Что же губит Эсмеральду и Квазимодо? Их рок — Средневековье. Стареющая, отживающая эпоха, чувствуя приближение своего конца, тем яростнее преследует новую жизнь. Средневековье мстит Эсмеральде за то, что она свободна, и Квазимодо за то, что он освободился из-под власти камня. Законы, предрассудки, привычки Средневековья убивают их.

Критик Сент-Бев сетовал после выхода «Собора Парижской Богоматери»: “В мрачной развязке романа нет ничего умиротворяющего, ничто не возвышает здесь душу, не вселяет в неё надежду”. Он не увидел в романе Гюго диалектики рока и катарсиса. Рок романа-трагедии — гибнущее и губящее Средневековье; катарсис — преодоление Средневековья, моральная победа над ним. Без этого прорыва в будущее, без обещания грядущей свободы пять актов на Гревской площади остались бы всего лишь “кровавой комедией”. Будущее — воздух трагедии.

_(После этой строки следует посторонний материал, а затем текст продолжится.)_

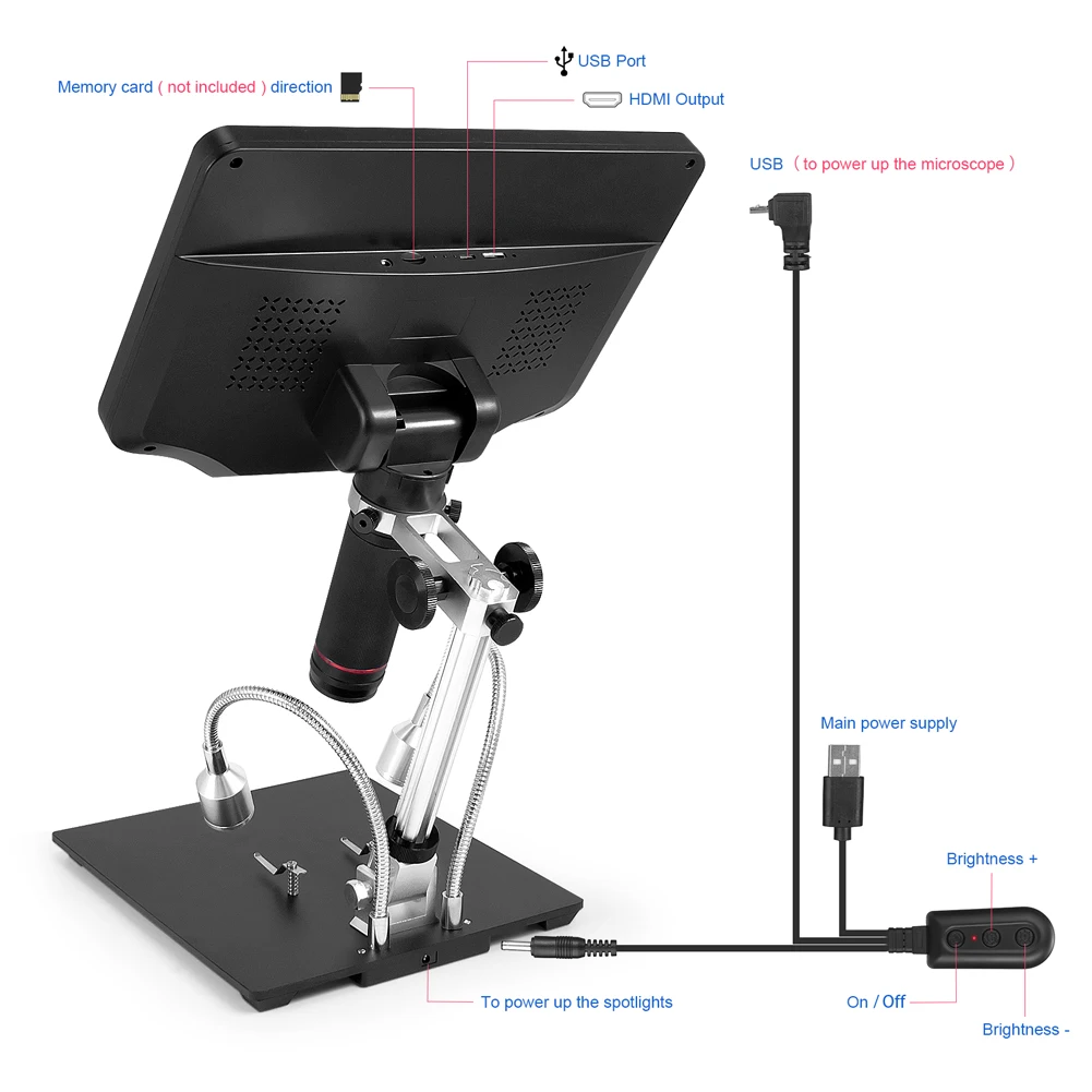 Особенности:✮1,3-дюймовый Регулируемый ЖК-дисплейРегулируемая металлическая подставка и монитор✮Два металлических фиксированных зажима✮Карта Micro-SD✮Захват и запись✮Встроенные регулируемые светодиоды✮Hdmi/USBПоддержка программного обеспечения для измеренийПосылкаМикроскоп × 1Металлическая подставка × 1УФ-фильтр (уже собранный в объективе) × 1Инструкции × 1ИК-пульт × 1Кабель переключателя × 1Адаптер питания × 1Кабель HDMI × 1

Открытия, сделанные в рамках романтического историзма, подготовили эпоху реалистического романа. “Та самая духовная формация, — а именно романтическая, — которая с такой силой ощутила атмосферу стилевого единства прежних эпох, которая открыла средневековье, Ренессанс <…> достигла органического понимания своеобразной атмосферы собственной эпохи во всех её разнообразных формах <…> Не меньше <…> на развитие современного реализма повлияла другая романтическая тенденция — <…> смешение стилей; оно сделало возможным тот факт, что объектом серьёзного художественного изображения стали персонажи всех сословий, взятые в их повседневной практической жизни…” (Э.Ауэрбах).

От романтического историзма, вживающегося в атмосферу былых эпох, передающего её смешанным стилем, — прямой путь к реализму, стремящемуся изобразить действительность в её полноте, постичь законы современного общества.

Почтовая открытка в честь Виктора Гюго.